Marc: Eine der vielen Anekdoten wäre sicherlich, dass die deutsche Death-Metal-Ikone Marc Grewe (ex-Morgoth) bereits in den Neunzigern eine filigrane Zeichnung von Kai an den Drums gemalt hat mit dem Namen "Kai Sattelkakis", eine Anspielung auf Kais Nachnamen. Vielleicht kann dieses wahre Kunstwerk hier ja auch abgedruckt werden.

Wir haben uns in Wermelskirchen ja locker zum 40. Geburtstag von DEPRESSION verabredet, und nicht nur ich traue Euch das entgegen meiner törichten Skepsis in den frühen Neunzigern zu. Was wollt Ihr bis dahin noch in Angriff nehmen und wer sollte Euch mal einladen, um als nicht ganz alltägliche Band in einem Film zu spielen?

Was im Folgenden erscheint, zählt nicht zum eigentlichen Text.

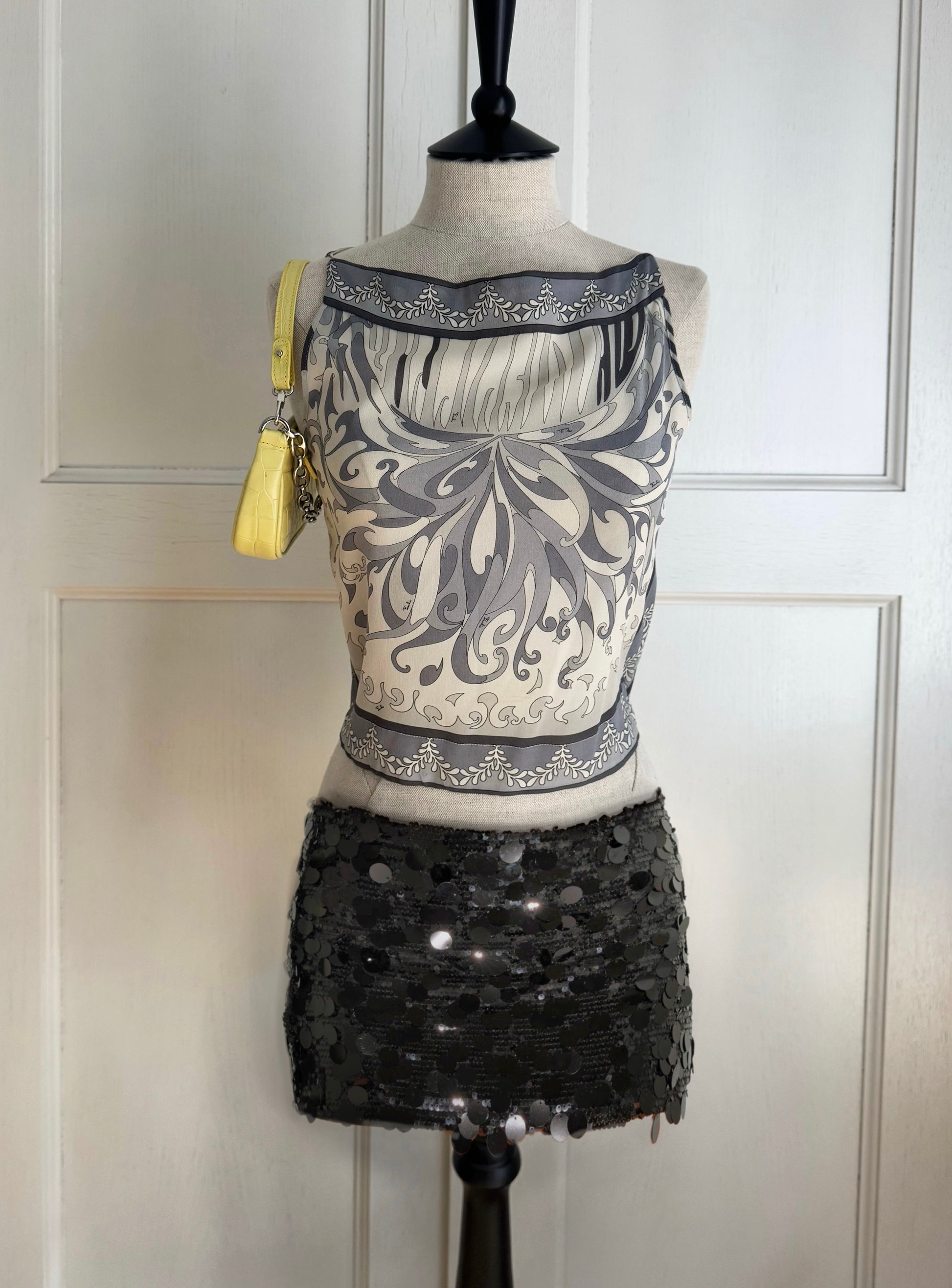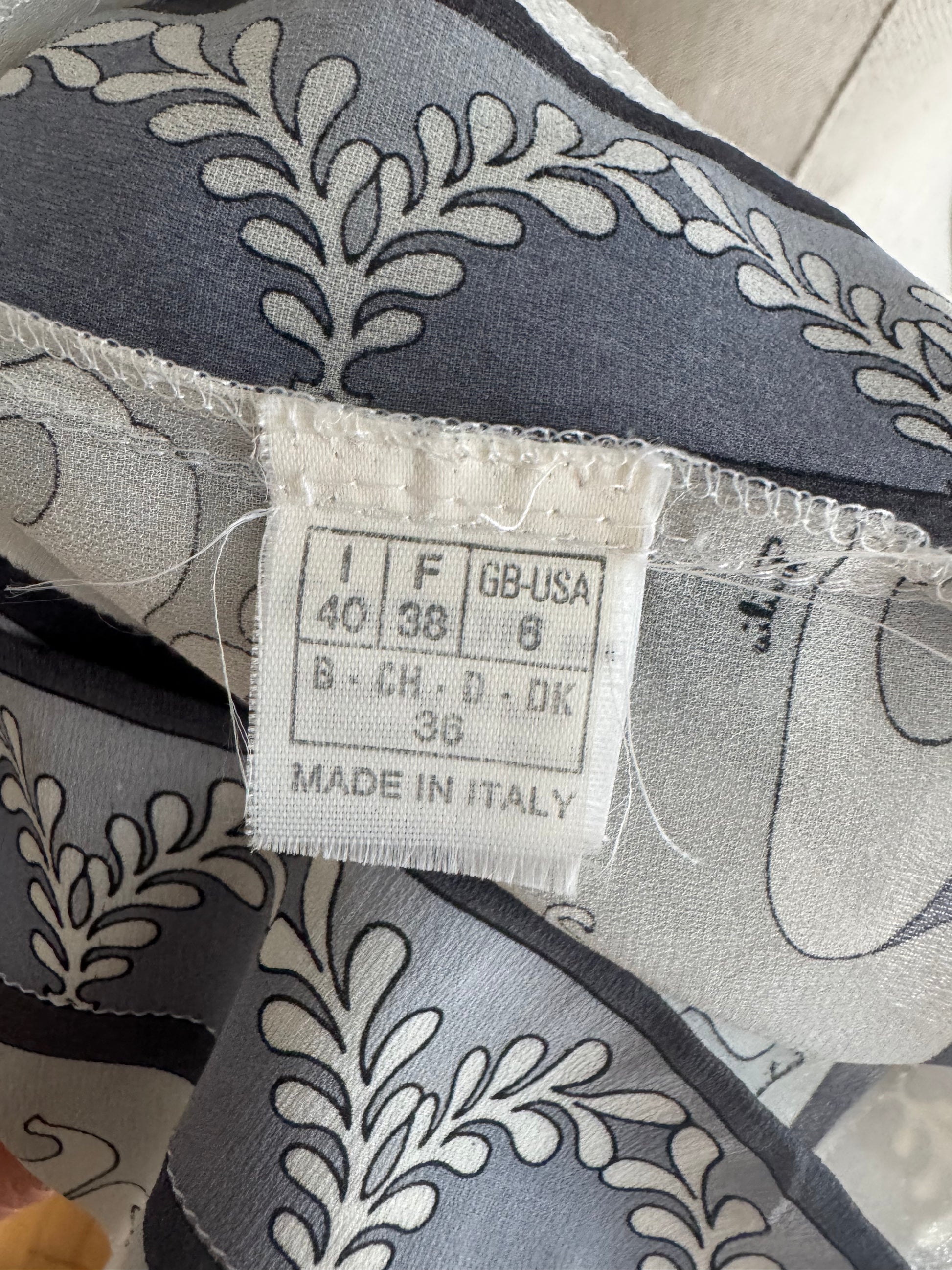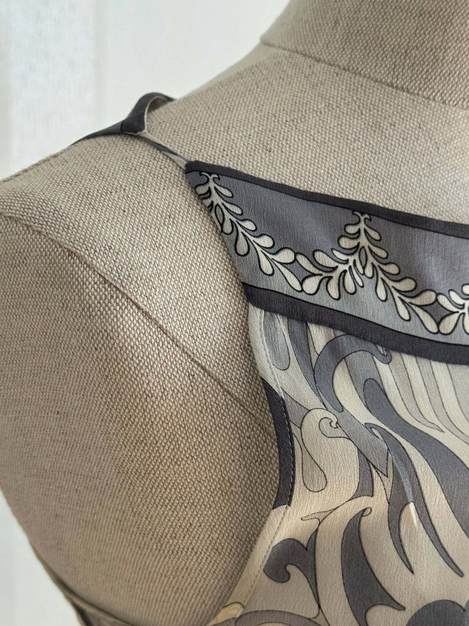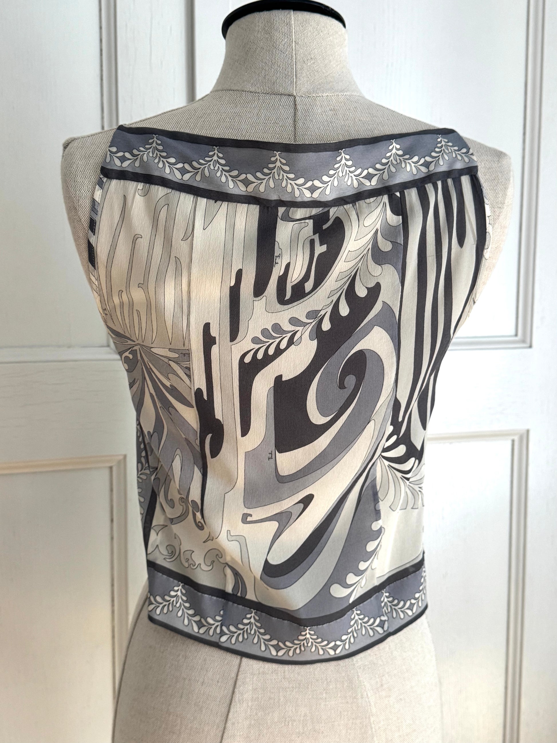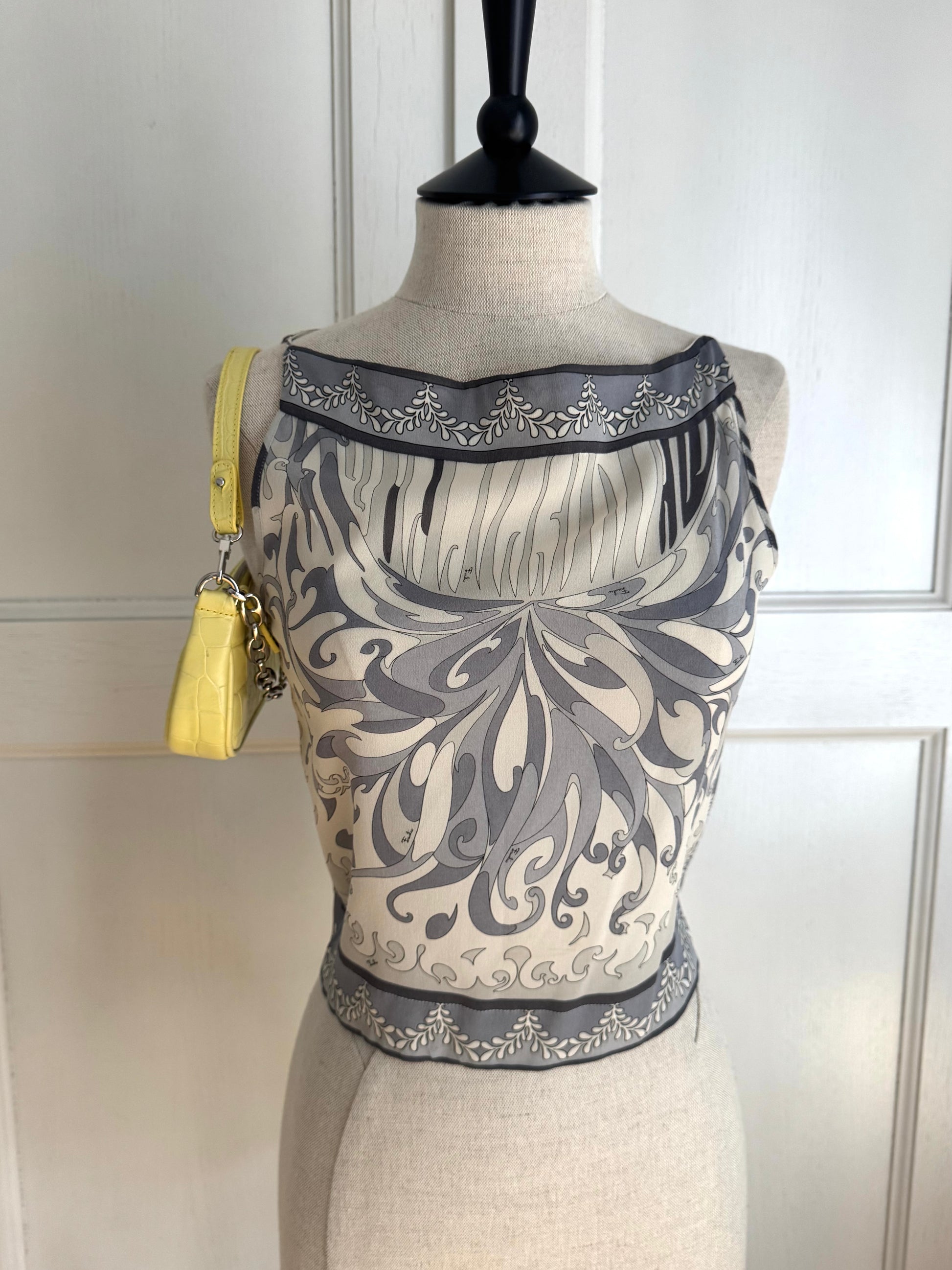 Beautiful silk top by Emilio Pucci circa 2010. Elegant but feminine - the crop top style accentuates the waist and creates an hourglass illusion. Brings to mind the sunny Amalfi Coast and evening Campari dates.

Kai: Ich glaube, mittlerweile sind wir selbst die größten Skeptiker, ob wir es bis zur 40 schaffen. Ich möchte keinesfalls aufhören, wenn ich nicht muss, aber uns ist, denke ich, allen bewusst, dass DEPRESSION schon endlich sein wird, und wir eher auf das Rentenalter zugehen, also nochmal die Weltbühnen zu stürmen. Wir werden sehen… Deine Skepsis in den frühen Neunzigern war nicht töricht, sondern viel realistischer als das, was dann eingetreten ist, haha! Große Pläne haben wir, denke ich, nicht – mal sehen, was so kommt. Also kein Ziel, das unbedingt erreicht werden muss. In einem Film? Für mich ganz klar: Tarantino.
Marc: Man kann es natürlich nie wissen, was so kommt. Die 40 ist ein ehrgeiziges Ziel, dann 2030 den krönenden Abschluss auf dem Party.San Festival feiern, hahaha! Film: Wir in Ace Ventura 4, damit Jim Carrey mal durch unseren tobenden Deathgrind-Mob rennen muss.

Die Zeiten ändern sich - Danke für Deine / Eure Zeit!

Kai: Ja, die Zeiten ändern sich… Danke an dich für deinen Support und an die Leser, die bis hier ausgehalten haben!
Marc: Thor, danke für die wirklich interessanten Fragen und die allerbesten Glückwünsche zu deinem Jubiläum mit dem Mørkeskye, das es ja nun auch bereits unglaubliche 30 Jahre gibt, dann bist du ja nur fünf Jahre hinter uns. Nicht, dass du uns noch überholst!